Op 17 juli 2025 heeft de Rechtbank Amsterdam een tussenuitspraak gedaan in een zaak betreffende een Europees aanhoudingsbevel (EAB) dat is uitgevaardigd door de District Court in Bydgoszcz, Polen. De zaak betreft de opgeëiste persoon, geboren in 1991 in Polen, die wordt verdacht van oplichting en waarvoor een vrijheidsstraf van tien maanden is opgelegd. De rechtbank heeft de behandeling van het EAB op 3 juli 2025 behandeld, waarbij de opgeëiste persoon aanwezig was, bijgestaan door zijn raadsman, mr. L.J. Woltring, en een tolk. De rechtbank heeft de termijn voor uitspraak verlengd en de gevangenhouding bevolen, met schorsing tot aan de uitspraak.
De rechtbank heeft vastgesteld dat de opgeëiste persoon niet in persoon aanwezig was bij de eerdere zitting in Polen, maar dat hij wel op de hoogte was gesteld van de zitting.
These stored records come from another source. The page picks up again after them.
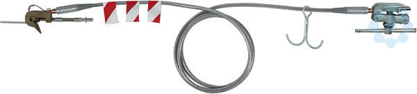 Einpolige Erdungs- und Kurzschließvorrichtung nach DIN VDE 0683-100 (EN/IEC 61230) für Oberleitungen elektrischer Bahnen,; 12 m lang mit Einhängehaken, mit Fahrdraht-Erdungsklemme und Schienenanschlussklemme (Knebel) bestückt.
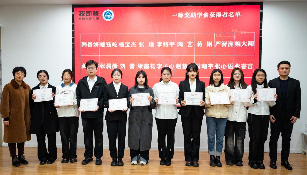 12月16日下午,纺织科学与工程学院在学院A103报告厅举行2024年“波司登公益奖助学金”颁奖典礼。波司登集团副总裁兼CHRO张磊、招聘负责人占佳男,纺织科学与工程学院党委书记张菁燕、副书记兼副院长杨莉勤、数字科技与创意设计学院辅导员章琳,纺织科学与工程学院辅导员伍胤鸿、孙慧、张旭以及获奖学生代表等100余人参加颁奖典礼,伍胤鸿主持典礼。
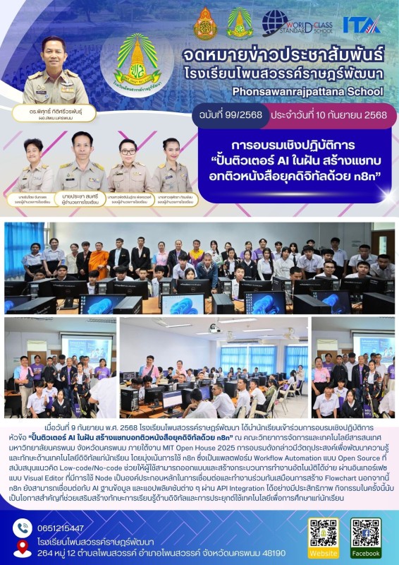 เมื่อวันที่ 9 กันยายน พ.ศ. 2568 โรงเรียนโพนสวรรค์ราษฎร์พัฒนา ได้นำนักเรียนเข้าร่วมการอบรมเชิงปฏิบัติการ หัวข้อ “ปั้นติวเตอร์ AI ในฝัน สร้างแชทบอทติวหนังสือยุคดิจิทัลด้วย n8n” ณ คณะวิทยาการจัดการและเทคโนโลยีสารสนเทศ มหาวิทยาลัยนครพนม จังหวัดนครพนม ภายใต้งาน MIT Open House 2025
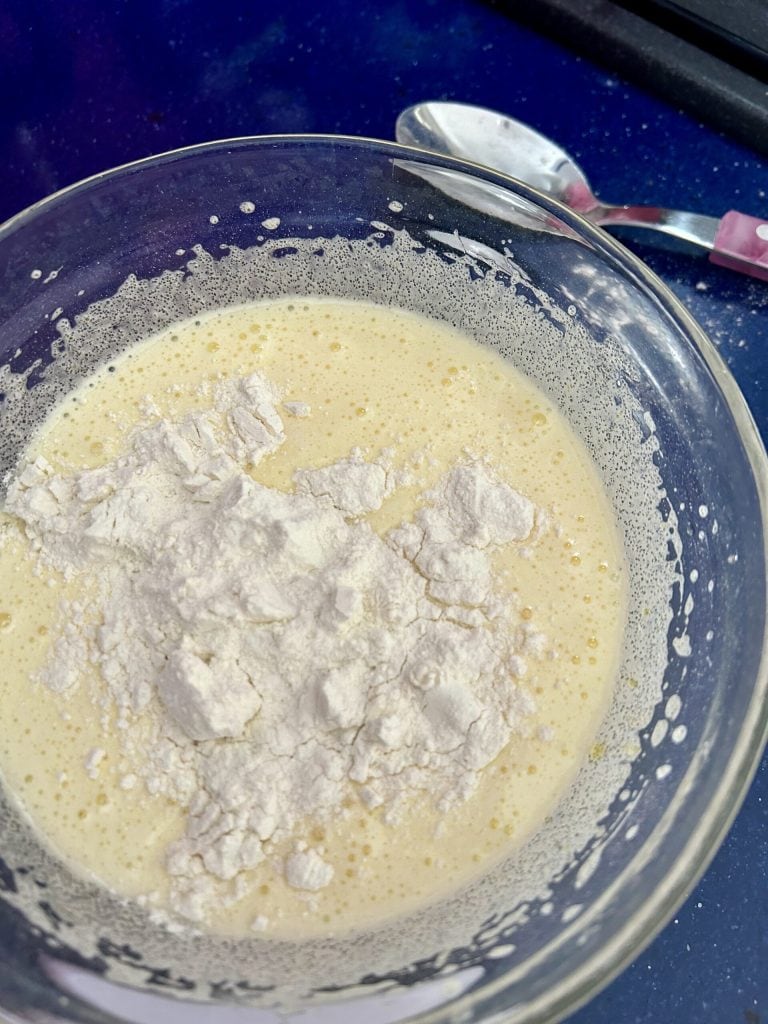 Adicione a farinha e continue a mexer delicadamente (melhor com uma espátula ou em baixa velocidade com os batedores), até obter uma mistura homogênea, sem grumos.
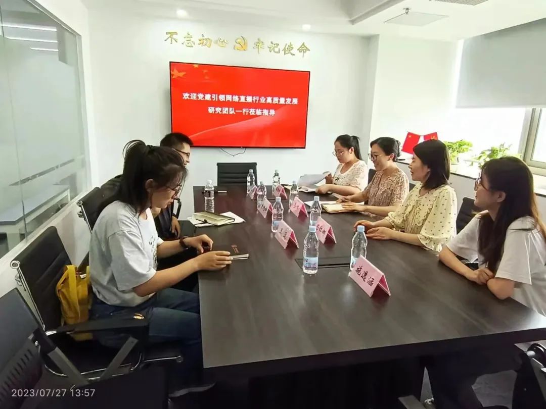 调研伊始,团队一行与无锡市网信办开展座谈会。会上,胡鹏辉老师同网信办领导详细交流了无锡市网络直播行业的发展现状及党建情况,确定了调研的具体方案。之后,团队在无锡市网信办的支持下,先后调研了旺庄街道、无锡市互联网协会等机构的党建情况,从不同类型机构党建实践中切实体会多种类型直播行业的管理流程及党建模式。同时,团队深入与泛娱乐、带货直播等不同类型的直播公司进行调研,以对不同直播类型公司负责人、党员员工、一线主播的访谈及问卷调查为切入点,集中调研直播带货及泛娱乐直播行业,多方面建立党建认知及行业发展的关联网络,为团队探索党建引领行业发展的具体路径提供了新思路与考验。通过团队进一步讨论,胡鹏辉老师借用帕森斯的社会进化论提出了党建引领直播行业高质量发展的何以可能的基本路径。
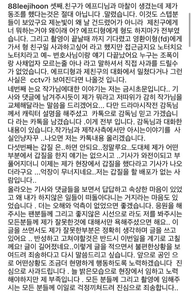 이지훈은 "첫번째 그날 아침에는 친구가 생일파티를 해준 것이 아니라 팬이 생일파티를 해준 것이다. 두번째 바지를 벗고 난동을 부렸다는 것은 루머이다. 세번째 친구가 에프디분과 마찰이 생겼을 때 말렸다. 네번째 작가님에 대한 이야기는 금시초문이다 다섯번째. 나는 갑질 할 배포가 없는 사람"이라고 해명했습니다.
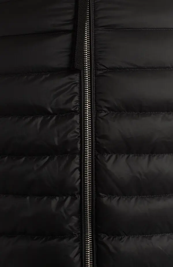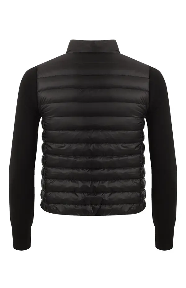 Легкая комбинированная куртка с пуховым стеганым корпусом из гладкого нейлона и трикотажными рукавами обеспечивает комфортное тепло без лишнего объема. Прямой силуэт с высоким воротником и застежкой на молнию подойдет как для самостоятельной носки, так и в качестве утепляющего слоя под верхнюю одежду. Лаконичный черный цвет делает модель универсальной для городских образов.
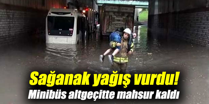 Sağanak yağış vurdu! Minibüs altgeçitte mahsur kaldı
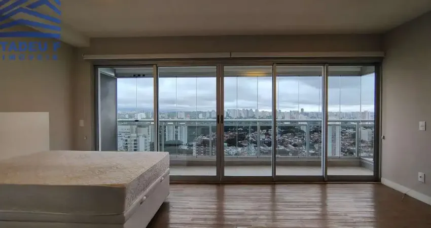Studio 59 m², com 1 dormitório, ar condicionado, living para 2 ambientes, varanda envidraçada com vista livre, lavabo, cozinha equipada com cooktop, forno e geladeira, área de serviço com lava e seca, banheiro social e 1 vaga de garagem.

De raadsman heeft verzocht om aanhouding van de behandeling om betekeningsstukken op te vragen, maar de officier van justitie verzet zich hiertegen. De rechtbank heeft geoordeeld dat de weigeringsgrond van artikel 12 van de Overleveringswet niet van toepassing is, omdat de opgeëiste persoon op de hoogte was van de zitting en de oproep in persoon heeft ontvangen.
Daarnaast heeft de rechtbank beoordeeld of de opgeëiste persoon gelijkgesteld kan worden met een Nederlander op basis van artikel 6a van de Overleveringswet. De rechtbank concludeert dat de opgeëiste persoon voldoet aan de voorwaarden voor gelijkstelling, aangezien hij meer dan vijf jaar rechtmatig in Nederland verblijft en zijn verblijfsrecht niet verliest door de opgelegde straf. De rechtbank heeft besloten het onderzoek ter zitting te heropenen en de zaak gelijktijdig te behandelen met een andere zaak (EAB II) die aanhangig is bij de rechtbank.